Awesome
Fast Hadamard Transform in CUDA, with a PyTorch interface
Features:
- Support fp32, fp16, bf16, for dimension up to 32768.
- Implicitly pad with zeros if dimension is not a power of 2.
How to use
from fast_hadamard_transform import hadamard_transform
def hadamard_transform(x, scale=1.0):
"""
Arguments:
x: (..., dim)
scale: float.

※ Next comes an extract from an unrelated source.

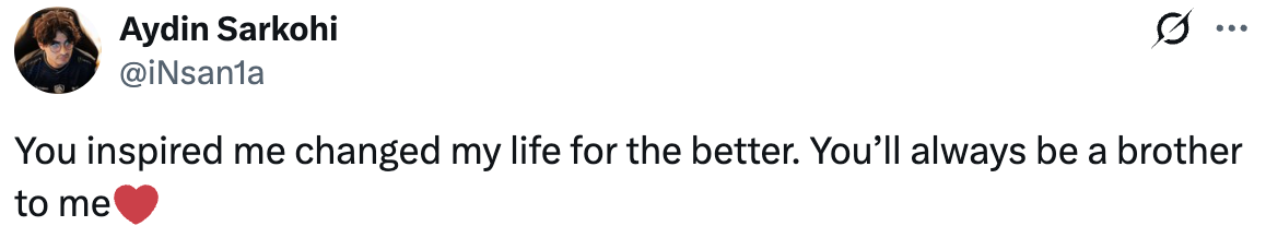 Ты вдохновил меня и изменил мою жизнь к лучшему. Ты всегда будешь для меня братом.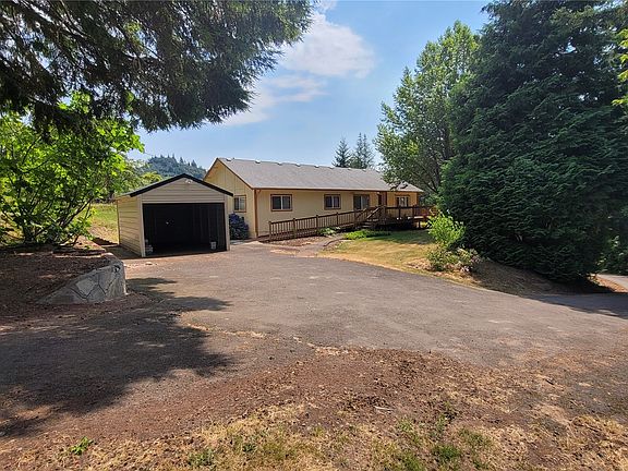Investor alert! Great location, secluded yet convenient! Fix up the manufactured home or build your own. 2 acres with a pretty view of the river from multiple spots. Mature trees and landscaping, paved drive and multiple out-buildings, including carport and shop. Close to I5!

Multiply the output by this number.
Returns:
out: (..., dim)
Multiply each row of x by the Hadamard transform matrix.
Equivalent to F.linear(x, torch.tensor(scipy.linalg.hadamard(dim))) * scale.
If dim is not a power of 2, we implicitly pad x with zero so that dim is the next power of 2.
"""
Speed
Benchmarked on A100, for not too small batch size, compared to memcpy (torch.clone), which is a lower bound for the time taken as we'd need to read inputs from GPU memory and write output to GPU memory anyway.
Data type | Dimension | Time taken vs memcpy |
---|---|---|
fp16/bf16 | <= 512 | 1.0x |
512 - 8192 | <= 1.2x | |
16384 | 1.3x | |
32768 | 1.8x | |
fp32 | <= 8192 | 1.0x |
16384 | 1.1x | |
32768 | 1.2x |